Ce que ces chiffres disent du potentiel : de l'ordre de 74 maisons individuelles, 272 diagnostics publiés pour 1 000 résidences principales, environ 68 logements occupés par leur propriétaire. Ce volume ne préjuge d'aucune éligibilité individuelle : il indique seulement où se concentrent, à Lettret, les situations où le scénario décrit sur cette page a le plus de chances d'être pertinent.
Dernier paramètre, le financement du reliquat : sur le cas type à Lettret, le reste à charge d'un ménage très modeste ressort à 6 000 € après aide ANAH et prise en charge de l'accompagnement. Étalé sur quinze ans en éco-prêt à taux zéro, cela représente de l'ordre de 35 € par mois, à comparer aux 1 210 € d'économie annuelle attendue sur la facture d'énergie.
Qui décide, et donc qui finance : 74 % de propriétaires occupants à Lettret, soit environ 68 logements. Pour un scénario de gain de classes, de deux à quatre, cela signifie autant de dossiers décidables sans mandat de gestion, le solde relevant du parc locatif et donc d'un montage bailleur distinct.
Combien de classe DPE gagnée exactement ? À Lettret, le logement de référence de 105 m² situé en zone H3 en compte environ 3 pour un scénario de gain de classes, de deux à quatre. La dépense attendue s'établit dès lors entre 48 000 € et 84 000 € TTC (16 000–28 000 € l'unité), pour une assiette éligible plafonnée à 40 000 € HT.
Le critère à écrire noir sur blanc dans le devis pour un scénario de gain de classes, de deux à quatre à Lettret est un calcul 3CL-DPE avant et après travaux par le même opérateur. Sans cette mention, ni l'aide ni le certificat d'économies d'énergie ne sont sécurisés, et le contrôle sur site peut conduire à un refus de versement du solde.
La densité de diagnostics renseigne sur la maturité du marché : 25 DPE publiés par l'ADEME à Lettret, soit 272 pour 1 000 résidences principales. Un tel volume conditionne les délais de un auditeur énergétique qualifié, dont l'intervention sur un scénario de gain de classes, de deux à quatre dure six à dix mois du diagnostic à la réception.
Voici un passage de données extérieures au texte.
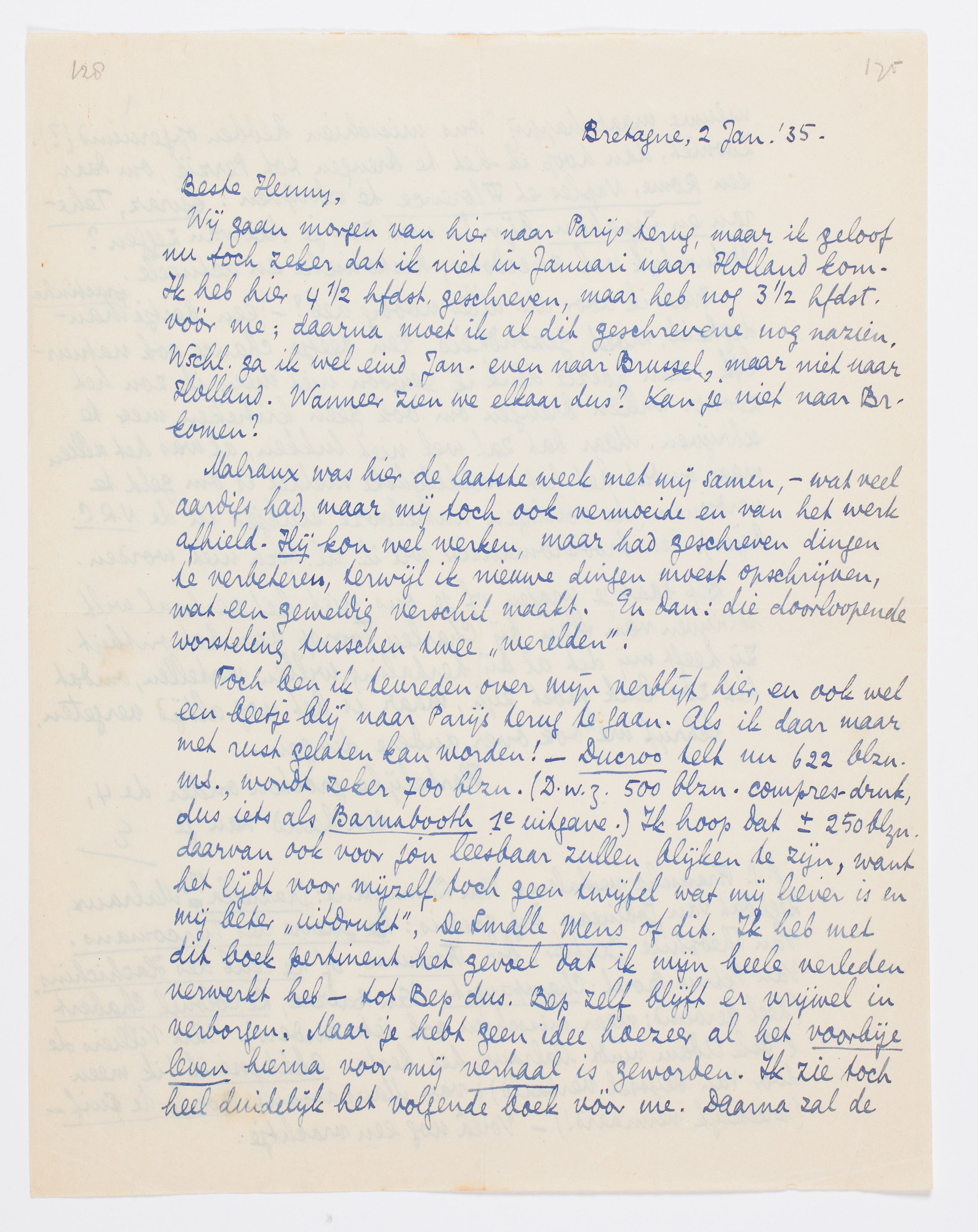 Wij gaan morgen van hier naar Parijs terug, maar ik geloof nu toch zeker dat ik niet in Januari naar Holland kom. Ik heb hier 4½ hfdst. geschreven, maar heb nog 3½ hfdst. vóór me; daarna moet ik al dit geschrevene nog nazien. Wschl. ga ik wel eind Jan. even naar Brussel, maar niet naar Holland. Wanneer zien we elkaar dus? Kan je niet naar Br. komen?
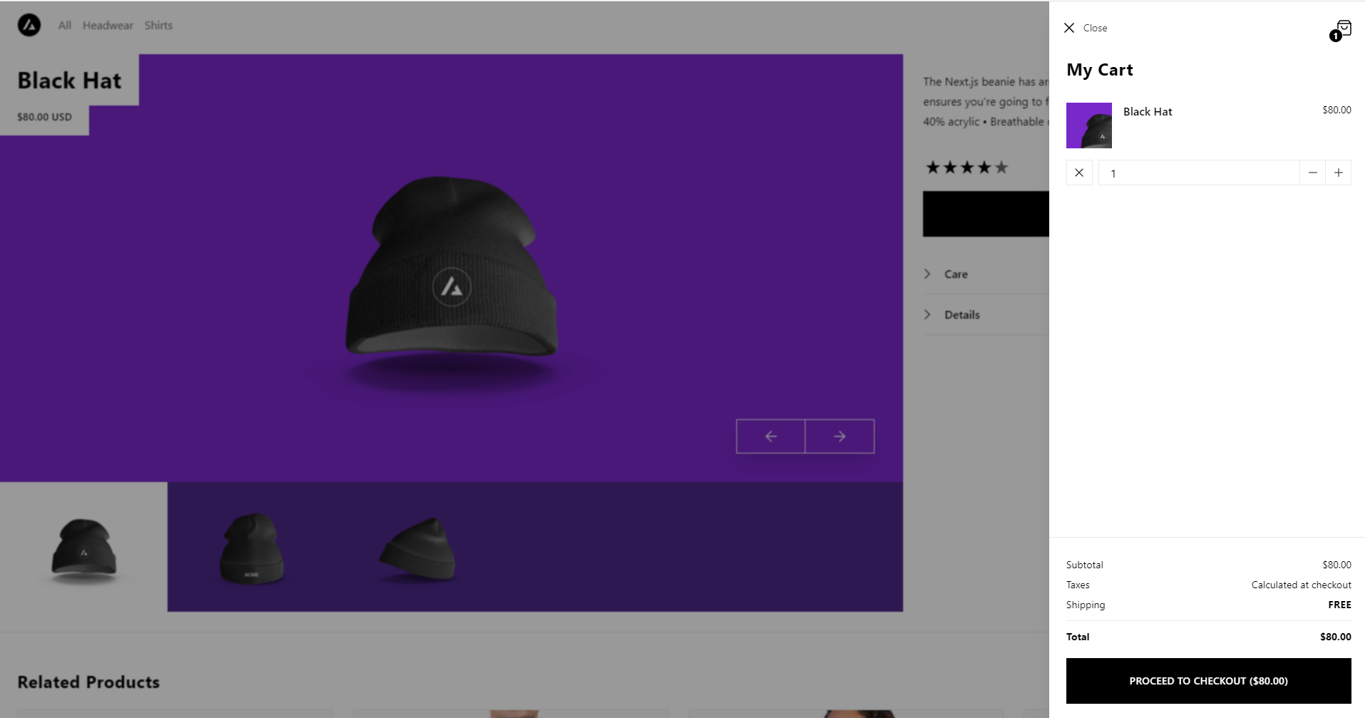 Next.js Commerce is a React starter kit for high performance ecommerce sites. It is optimised for production and supports Static Site Generation (SSG), Server Side Rendering (SSR) and incremental static regeneration among other things. It provides a starting point to build and fully customise your own ecommerce storefront. More details can be found here and source code can be found here.

La logistique dépend de la densité : 196 habitants pour 92 résidences principales à Lettret. Cette densité conditionne l'emprise de stationnement, l'autorisation de voirie et le stockage des matériaux nécessaires à un scénario de gain de classes, de deux à quatre, trois postes que les devis les moins précis oublient de chiffrer.
La zone climatique n'est pas un détail administratif : à Lettret, en zone H3, la base conventionnelle retenue est de 195 kWh/m²/an. C'est elle qui fixe le retour sur investissement de un scénario de gain de classes, de deux à quatre et qui explique qu'un même ouvrage soit prioritaire ici et secondaire dans une zone plus tempérée.
Une moyenne de 2.13 personne(s) par logement à Lettret : ce chiffre paraît anodin, il commande pourtant le débit de ventilation, le volume d'eau chaude et donc la cohérence de un scénario de gain de classes, de deux à quatre avec le reste du bouquet.